Bird apartó la mirada del doctor, inclinó la cabeza y se dirigió hacia la puerta. La voz de la enfermera le llegó antes de abandonar el recinto:
– ¡Lo antes posible, por favor, los trámites de hospitalización!
Bird atravesó rápidamente el corredor en penumbra, como si escapara de la escena de un crimen. Hacía calor, y se dio cuenta de que la sala de cuidados intensivos estaba climatizada. Bird se secó furtivamente las lágrimas calientes de la humillación. Pero el interior de su cabeza estaba más caliente que la atmósfera y que las lágrimas. Torció por el corredor con andar inseguro.
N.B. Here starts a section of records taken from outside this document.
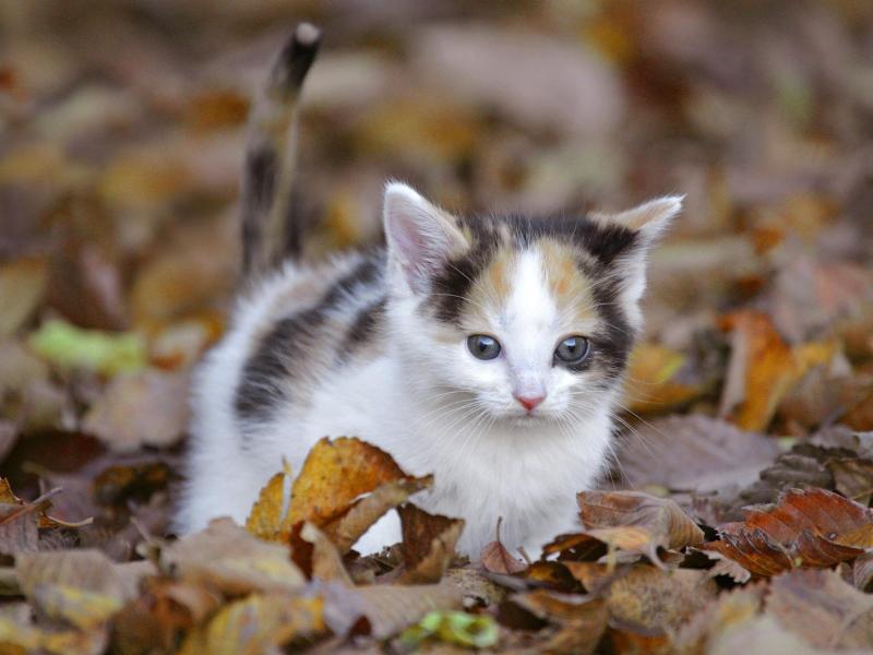 Котенок в осенних листьях обои для рабочего стола, картинки, фото, 800x600. | ||||||||||||||||
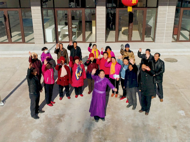 趙會杰和小廟子村村民站在村黨群活動中心前,一起自拍錄視頻。新華社發(視頻截圖)
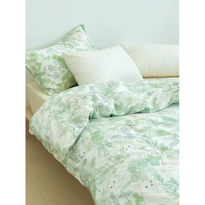 兔兔與森林 設計師手繪小清新全棉1.5米被套可愛小兔子被芯罩單件
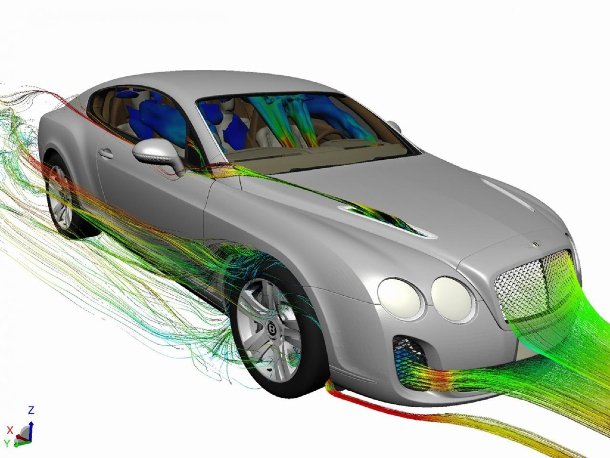 Diese Windkanalsoftware nutzt Bentley selbst ebenfalls zur Entwicklung der eigenen Modellreihen. Letztes damit getestetes Produkt ist der Continental Supersports.
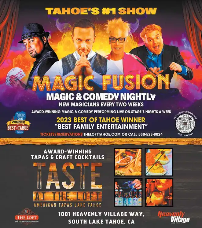 The Loft is also home to Lake Tahoe’s #1 show in our theatre, Magic Fusion, featuring award-winning world-class magicians from around the world, which will reopen during Phase 3 approvals by our local and state officials. Please visit our social media platforms at @thelofttahoe or our website for the most up-to-date information.
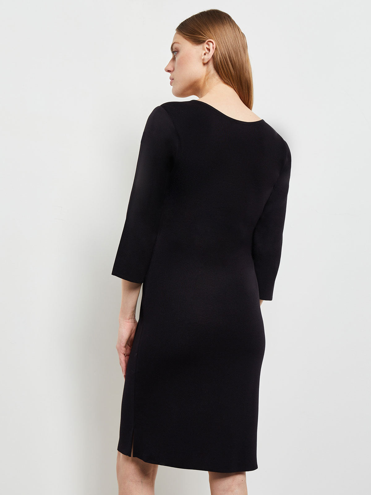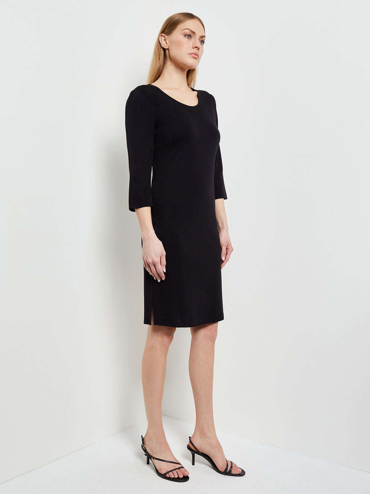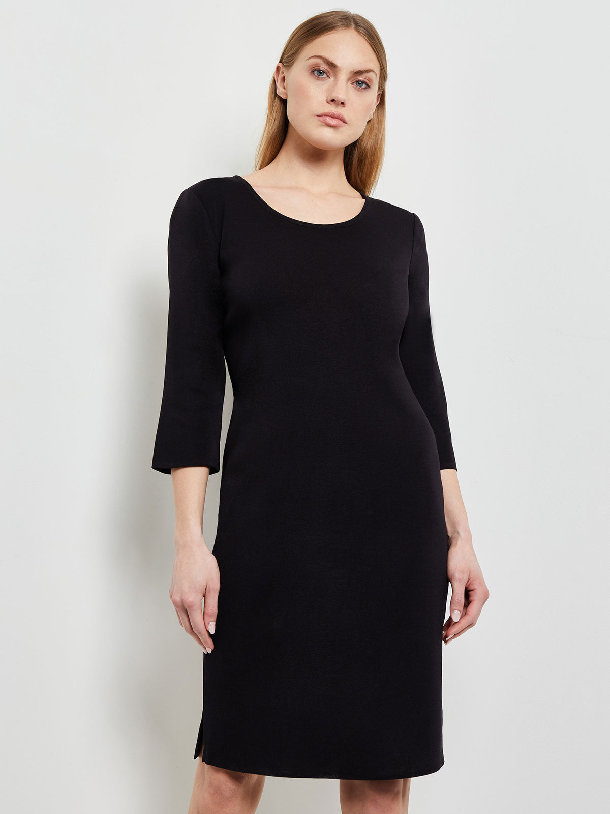 Misook is the epitome of timeless elegance and effortless style. Crafted from a high-quality knit fabric, the dress features a classic sheath design that skims the body without being too tight or revealing, making it a versatile and sophisticated option for a range of occasions. The 3/4 length sleeves add a touch of coverage, making it perfect for transitioning between seasons. Wrinkle-Resistant Knit Dress Machine or Hand Wash; Cold Water 90% Acrylic / 10% Polyester Women’s Dress Length is 40” 3/4-Length Sleeves; Scoop Neck; Unlined Side Slit Design for Comfort and Fit Fade & Stretch Resistant to Hold Its Shape and Color Fully Fashioned Knit This knit was expertly crafted with the meticulous “fully fashioned” method in which each panel of a garment is knit individually in its precise shape, eliminating waste and leaving little to no leftover materials. Bluesign®
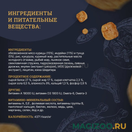 Обезвоженное мясо курицы – 15 %, индейки – 11 % и тунца – 5 %, рис, кукуруза, куриный жир, растительные масла холодного отжима, рыбий жир, льняное семя, свекловичная стружка, гидролизованная печень, пивные дрожжи, инулин (экстракт цикория), MOS (дрожжевой экстракт), лецитин, юкка Шидигера.
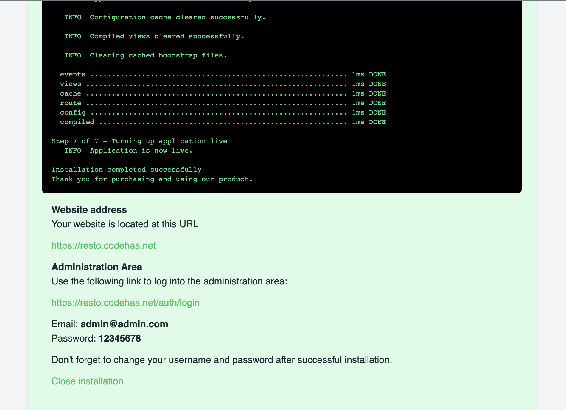 Log in by using the above default credentials, and don't forget to change your email/password from the user management
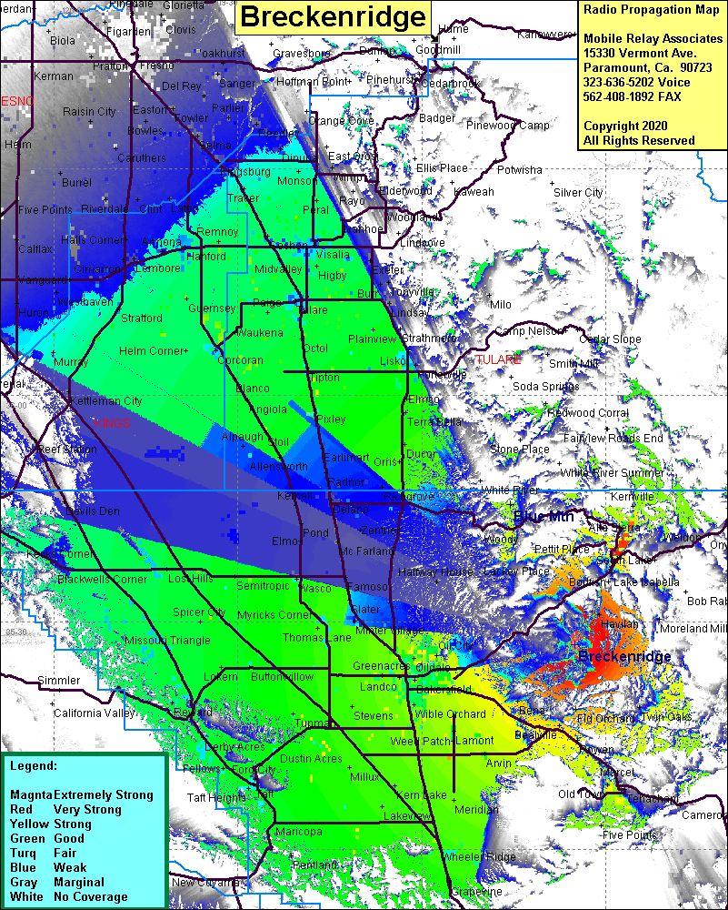 Site Coverage: Coverage of the San Joaquin Valley from Grapevine to Frenso, Havilah, Squirrel Mountain, Moreland Mill, Bena, Limon, Twin Oaks, Bakersfield, Portions of Hwy 58
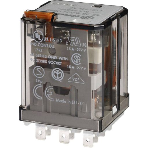 Tápcsatlakozó relé 3 váltóérintkező 16 A / 250 V AC-hoz Faston 187-tel (4,8 x 0,5 mm), kézi tesztgomb és mechanikus kijelző, érintkező anyaga AgSnO2, tekercsadatok 230 V AC, 3 VA, 7250 Ohm, relévédelem típus: RT I
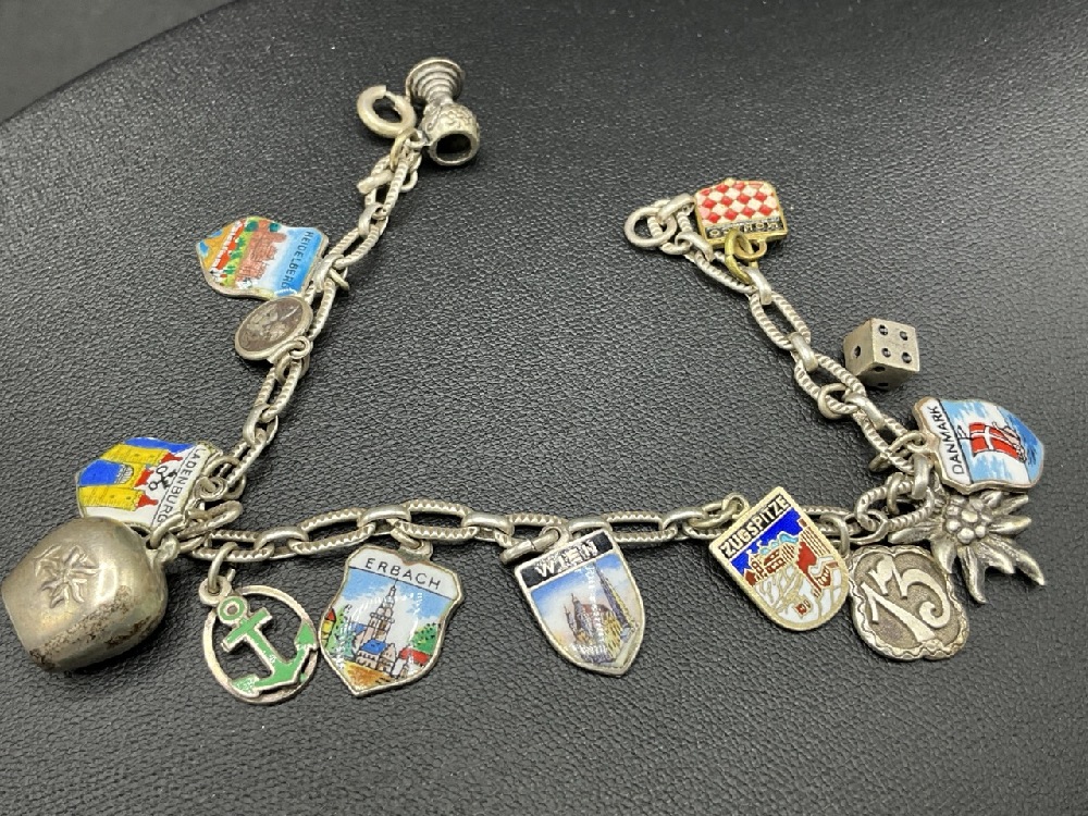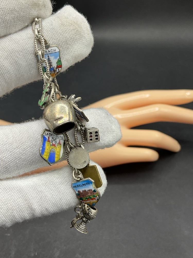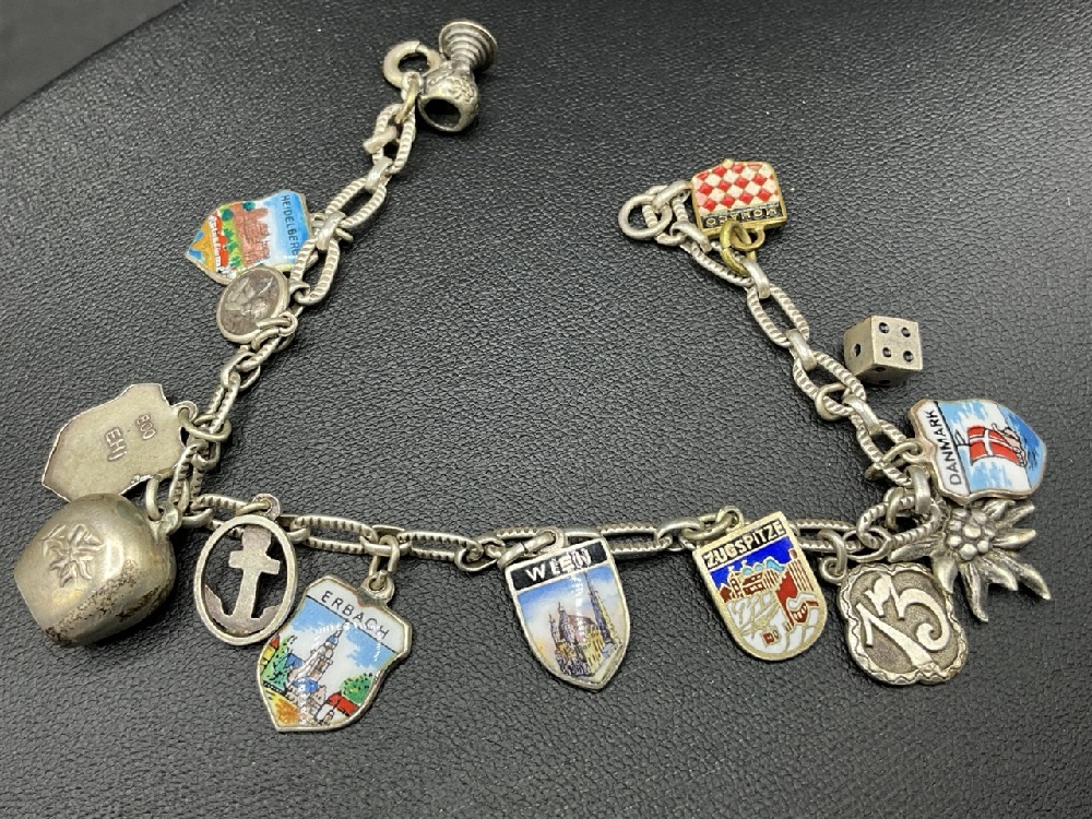 8" Sterling Silver Charm Bracelet. Scandinavian 800-835 silver.
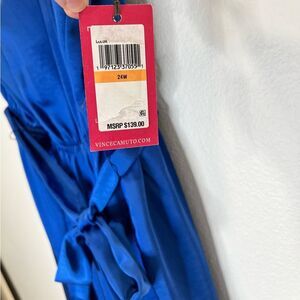 This Vince Camuto jumpsuit in a striking blue hue features a sleeveless design with high waistline accentuated by a tie belt. The wide-leg silhouette flows elegantly, offering a modern and versatile look for various occasions.
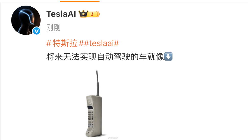 凤凰网科技讯 12月25日 ,特斯拉官方账号发文,称将来无法实现自动驾驶的车就像“大哥大”。
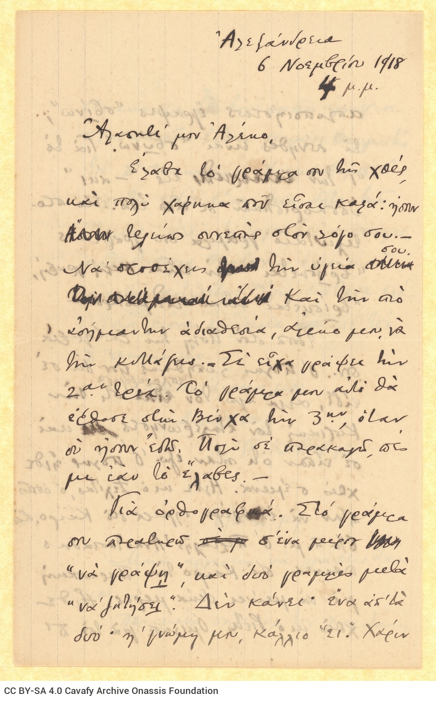 0014 (1415) - Letter by Cavafy to A. Singopoulo
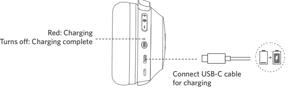 4. The headphones will power off automatically after connecting to the charger.

Cuando pasó, sollozando todavía, frente a la puerta abierta del pabellón de ingresados, los enfermos, parecidos a animales sucios, acostados o sentados en las camas, lo observaron con gestos inexpresivos. El llanto se le calmó cuando pasó por una zona de habitaciones particulares, cuyas puertas daban al corredor, pero la vergüenza se había convertido en un grano alojado detrás de los ojos, como un glaucoma. Y no sólo allí sino en todas las partes del cuerpo, a la vez que se endurecía. La vergüenza: un tumor maligno. Bird era consciente de ese cuerpo extraño, pero no podía repelerlo: su cerebro se había quemado, consumido. Una de las habitaciones estaba abierta, pero una joven delgada, joven y completamente desnuda permanecía de pie junto a la puerta como impidiendo el paso y miraba a Bird con ojos agudos. En la penumbra, su cuerpo parecía no haber llegado todavía a la plenitud. Mientras se apretaba con una mano los diminutos pechos, con la otra se acariciaba un vientre plano y se tironeaba el vello púbico. Luego separó los pies poco a poco y hundió un dedo suavemente en su vulva perfilada con toda claridad, durante un momento, por la escasa luz que penetraba por una ventana a sus espaldas. Bird se compadeció de la ninfómana y pasó a su lado sin darle tiempo a que alcanzara su climax solitario en presencia suya. La vergüenza que sentía era demasiado intensa como para permitirse pensar en nadie que no fuera él mismo.
Cuando Bird salió al exterior, el hombrecillo del cráneo plano y el pelo pegado a la frente le alcanzó y se puso a caminar a su lado. Mostraba el mismo aire arrogante de antes y avanzaba brincando entre las plantas para compensar la diferencia de altura con Bird. Empezó a hablar con firme determinación. Bird le escuchó en silencio.
– Hay que presentarles batalla, ¿sabe? ¡Luchar! ¡Luchar! ¡Luchar! -dijo-. ¡Es una lucha contra el hospital y en especial contra sus médicos! Pues bien, hoy les he golpeado duro. Lo ha oído, ¿no?
Bird asintió, mientras recordaba las «disposiciones» blancas del hombrecillo.
– Mi hijo no tiene hígado, ¿sabe usted? Así que tengo que luchar y seguir luchando. De lo contrario podrían cortarle en rebanadas aunque siguiera vivo. Pues no, ¡es una verdad como un templo! Si uno quiere que las cosas funcionen en un hospital, lo primero es hacerse a la idea de que hay que luchar. Es inútil comportarse correctamente, con tranquilidad, e intentar caerles bien. Los pacientes moribundos están tan quietos como cadáveres, pero sus familiares no podemos hacer lo mismo. ¡Hay que luchar! Verá usted, hace unos días les dije directamente: si el bebé no tiene hígado, ustedes le hacen uno. Y agregué que hay bebés sin recto a los que les ponen recto artificial, así que también podrán hacer un hígado artificial. Además, les dije, ¡un hígado artificial no se ve todos los días!